SF2c Orval Albert Rosenbery

Orval Albert Rosenberry was born Aug. 28, 1920 to a farm family in Chadwick, a village of 580 people roughly 20 miles northwest of Sterling. His father, Benjamin L. Rosenberry, was an Army cook in World War I. His mother, Lucille Bast Rosenberry, was a homemaker. The son graduated from Chadwick High School in 1938 and enlisted in the Navy that November. He was a shipfitter and petty officer second class when he was killed.

“War Comes to Sterling” read the headline in the Dec. 22, 1941 edition of the Daily Gazette in Sterling, Illinois a bit over 100 miles west of Chicago.

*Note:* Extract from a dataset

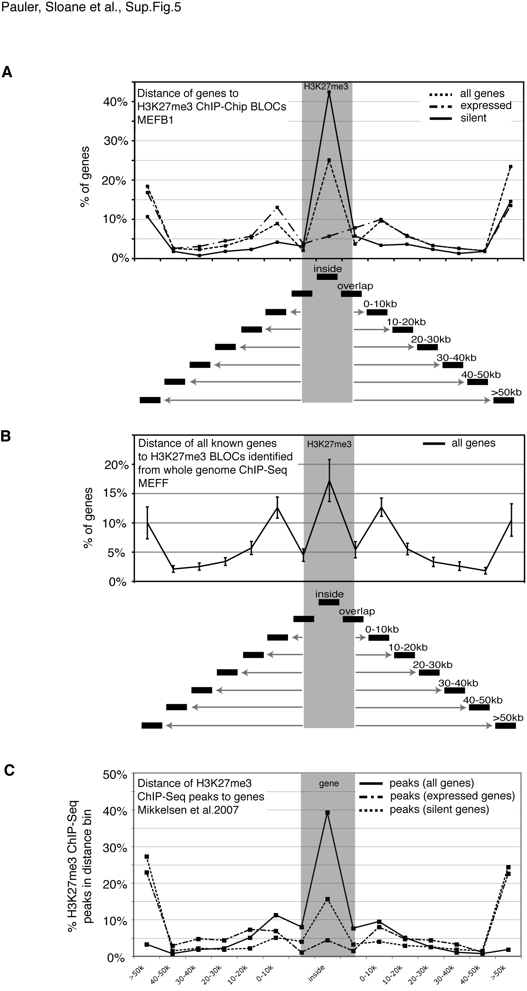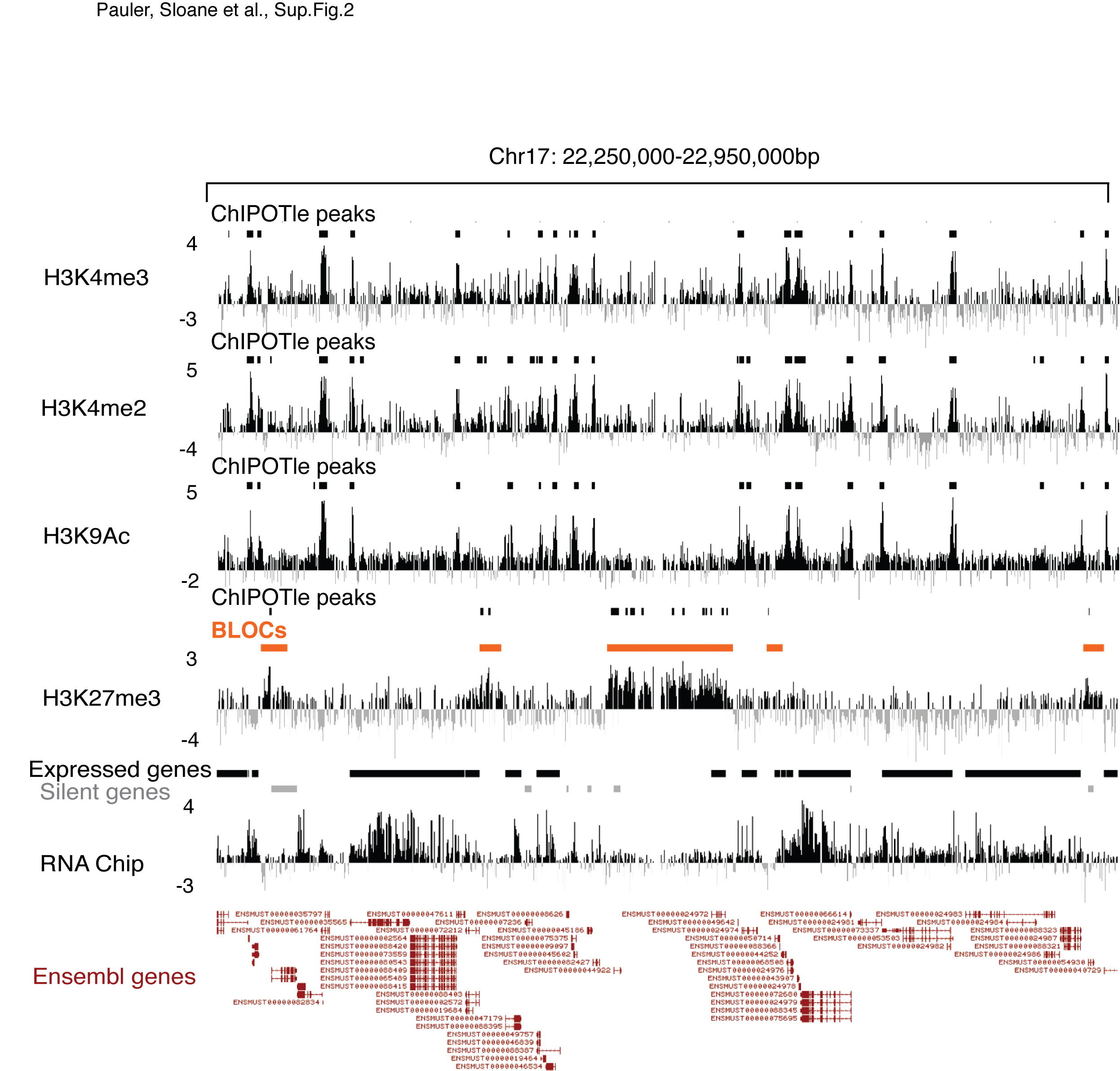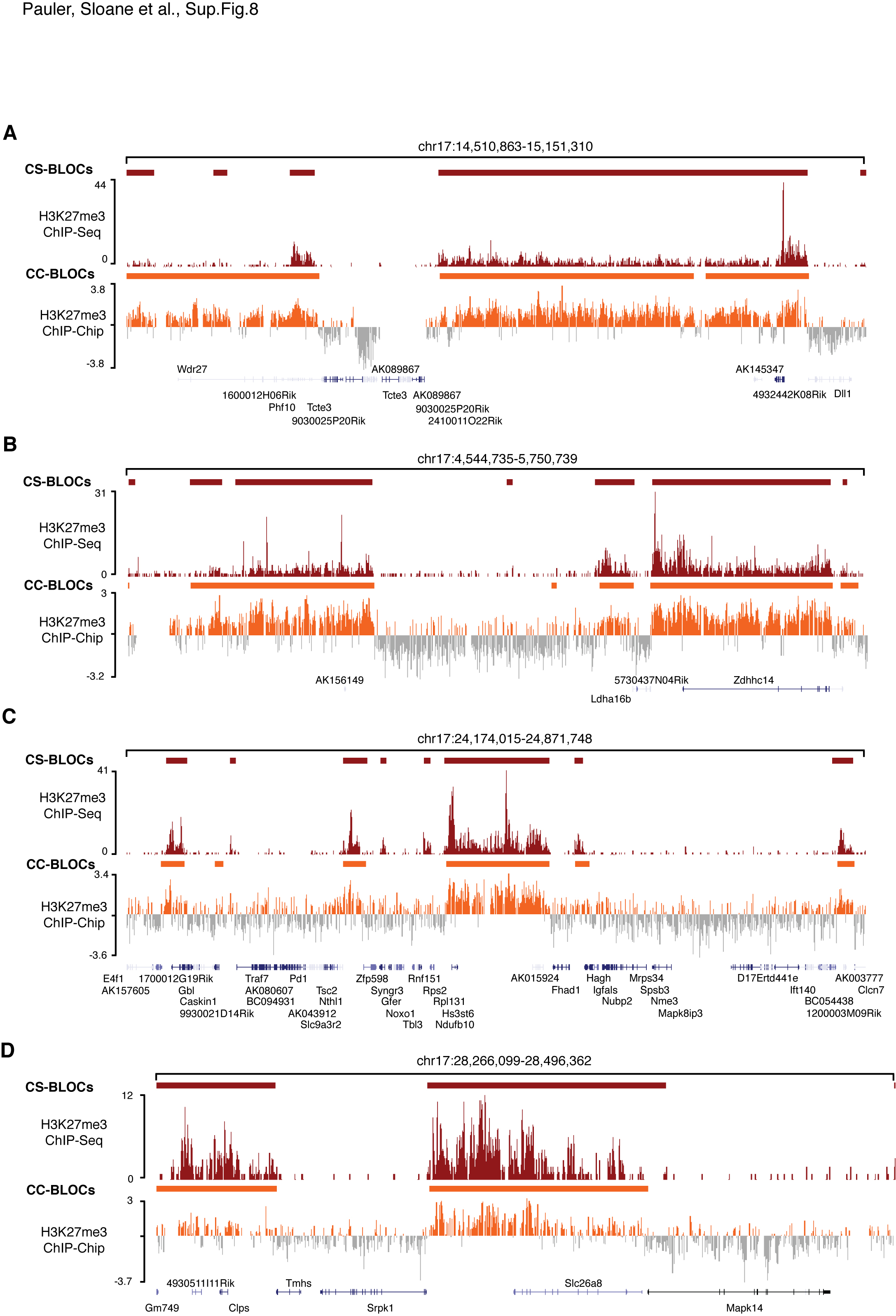 H3K27me3 forms BLOCs over silent genes and intergenic regions and specifies a histone banding pattern on a mouse autosomal chromosome

The news story said two area families, the Rosenberrys and Apples, received telegrams that their sons were missing in the Dec. 7 Japanese attack on Pearl Harbor. As later telegrams would confirm, both were killed aboard the U.S.S. Arizona.

“Until now war has seemed to us in this part of the MIddle West a sort of dream — something we read about, but cannot visualize,” the paper reported. “But here is vivid proof of what is actually happening in other parts of the world. We must recognize the fact that this war is a stark, grim reality.”

Robert William Apple grew up about 20 miles away in Sterling, population 15,370. His father, Frank Apple, was a veteran of the Spanish-American War.

“More telegrams are likely to be received here,” the news story concluded. “More boys from this locality are liable to be struck down. There is little we can do except hope for the best and steel ourselves for the worst.”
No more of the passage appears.